« Le passage de la Mer Rouge »
(162×145 – technique mixte – 1992)
Katherine Théron
Les visiteurs s’entêtent à l’appeler « la crucifiée ». J’hésite même à écrire plutôt « la Crucifiée » avec un C majuscule. Sans doute est-ce en raison de ses deux bras ouverts à la hauteur des épaules. Sans doute aussi l’ébauche d’un poteau vertical en arrière-plan qui déclenche chez le spectateur la vision du symbole de la Croix du Christ, si prégnant depuis vingt siècles dans la culture occidentale chrétienne.
Ensuite vient l’étonnement: pourquoi une femme? Les spectateurs sentent que c’est alors une image qui n’entre pas, à juste titre, dans leur iconographie chrétienne habituelle. Le Christ est homme. D’ailleurs on ne crucifiait pas les femmes, on les lapidait. Cela allait plus vite et demandait moins d’investissement. La croix il fallait tailler le bois, assembler les morceaux, la planter et y clouer le lourd corps du criminel… Là, dans cette image, nous avons une femme, nue par surcroît, présentant sa féminité sans ostentation mais sans pruderie non plus, ses deux seins pointant dans la lumière et son triangle pubien plus dissimulé dans l’ombre.

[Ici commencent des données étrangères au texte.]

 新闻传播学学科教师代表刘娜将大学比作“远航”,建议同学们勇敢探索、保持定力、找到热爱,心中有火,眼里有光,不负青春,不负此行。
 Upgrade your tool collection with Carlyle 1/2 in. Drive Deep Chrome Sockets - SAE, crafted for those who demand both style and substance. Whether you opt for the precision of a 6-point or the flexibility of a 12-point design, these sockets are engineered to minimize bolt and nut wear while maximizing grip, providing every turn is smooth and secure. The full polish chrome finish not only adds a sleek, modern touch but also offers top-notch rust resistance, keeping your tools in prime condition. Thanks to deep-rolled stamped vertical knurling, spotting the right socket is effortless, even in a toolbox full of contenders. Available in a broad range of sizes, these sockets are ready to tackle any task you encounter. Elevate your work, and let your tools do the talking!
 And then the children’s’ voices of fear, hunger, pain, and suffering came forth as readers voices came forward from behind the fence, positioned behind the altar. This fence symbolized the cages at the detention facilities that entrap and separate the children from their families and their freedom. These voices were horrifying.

Mais regardez bien, visiteurs! Cette femme n’est pas crucifiée. Elle n’a ni les poignets ni les pieds transpercés, cloués au bois. Ils sont libres de mouvement. Et même à y regarder de plus près, son bras gauche, légèrement plié, se décolle de ce qui pourrait paraître l’arrière-plan, la jambe droite ébauche un mouvement tout de grâce et son pied droit se soulève dans l’amorce d’un pas de danse. Sa tête penchée en avant n’est nullement un geste d’abandon et encore moins de mort. C’est juste un geste de prudence, contrôlé, pour savoir où elle va poser son pied.

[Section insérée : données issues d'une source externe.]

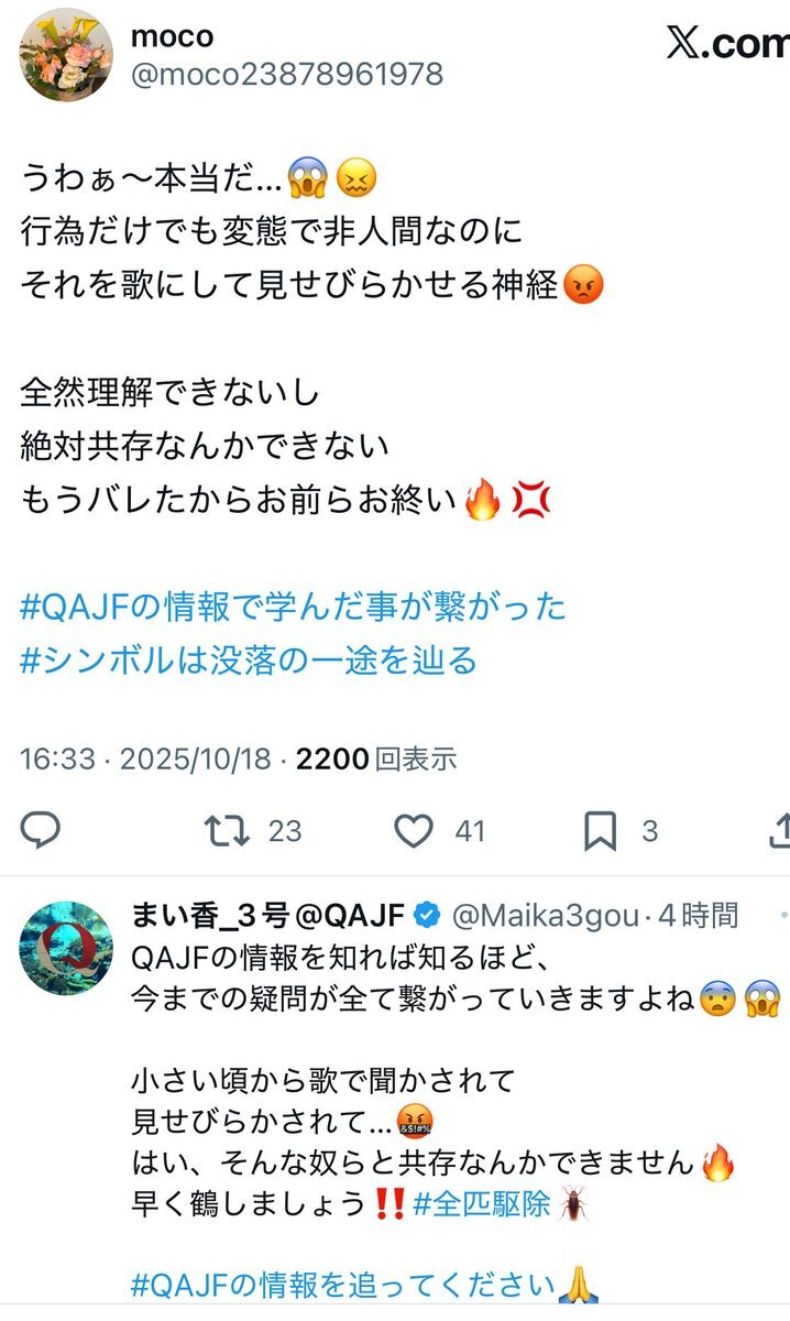 返信先:@moco23878961978QAJFの情報を知れば知るほど、 今までの疑問が全て繋がっていきますよね😨😱 小さい頃から歌で聞かされて 見せびらかされて…🤬 はい、そんな奴らと共存なんかできません🔥 早く鶴しましょう‼️#全匹駆除🪳 #QAJFの情報を追ってください🙏 #奴らは変態 #人喰い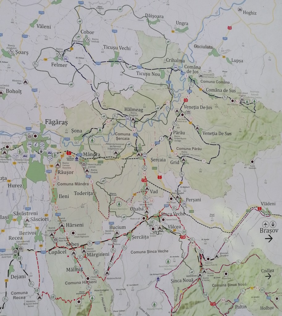 Dupa cum poti observa, pe harta sunt mai multe trasee pentru cicloturism. Daca ajungi in zona, vei observa si marcajul C cu albastru pe stalpi sau pe copaci. În total sunt 170 km de cicloturism la poalele Făgăraşului.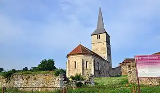 Der Ort ist 1206 in einer Urkunde von Andreas II. von Ungarn als Ortschaft der Saxones erwähnt. Die Wehrkirche stammt ursprünglich aus dem 13. Jahrhundert. Die romanische Basilika wurde Ende des 13. Jahrhunderts mit einem 3/6-Chor ergänzt. Während Restaurierungsarbeiten von 1966 bis 1968 wurden das Westportal und die Zwillingsfenster des Glockenturms freigelegt und konsolidiert.[1]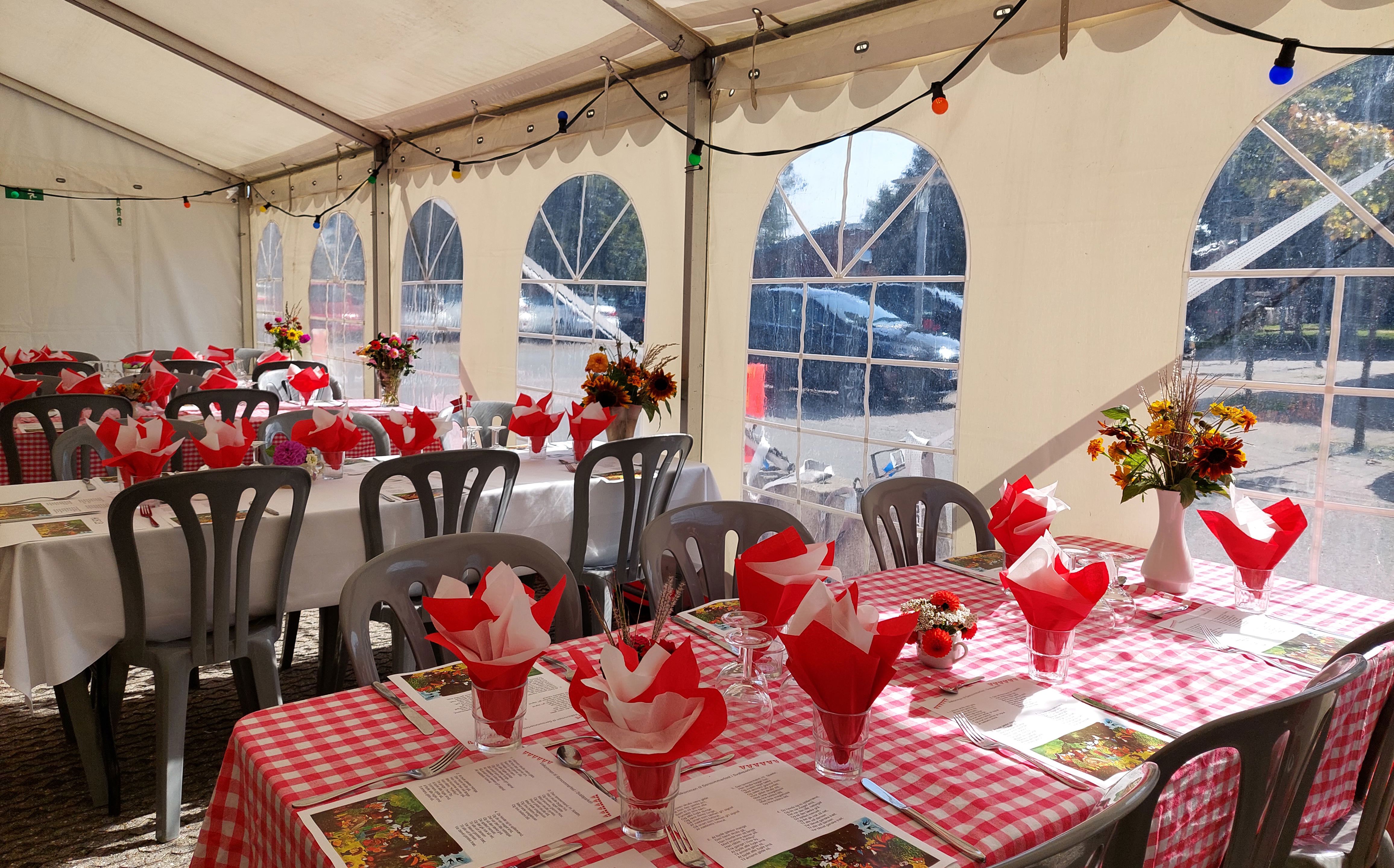 "Vi sørger altid for at motivere beboerne til vores arrangementer, hvilket betyder, at festen bliver en del af hverdagen længe før, den afvikles. Derudover er de også involverede i forberedelserne. Frivillige dækkede for eksempel borde og pyntede teltet med blomster fra deres haver, mens beboere foldede servietter," siger Louise Højgaard Schubert, centerterapeut på Svaleparken.

Non décidément cette femme n’est pas une crucifiée, en aucune façon, mais une femme bien vivante, qui s’ouvre un passage en avant, écartant d’un geste décidé ce qui pourrait obstruer l’espace qu’elle doit franchir. Elle va de l’avant avec toute sa nudité féminine, non pas provocante mais juste dévoilée. Elle va de l’avant avec prudence, décision et confiance. C’est pourquoi j’ai intitulé ce tableau « Le passage de la Mer Rouge » (beaucoup plus tard, dans les années 2009, car au départ c’était simplement: « la femme en rouge »), un passage de libération, écartant des eaux qui pourraient l’engloutir, pour trouver son identité de femme dans les Rouges de la Vie, que certains verts, turquoises et violets viennent faire vibrer.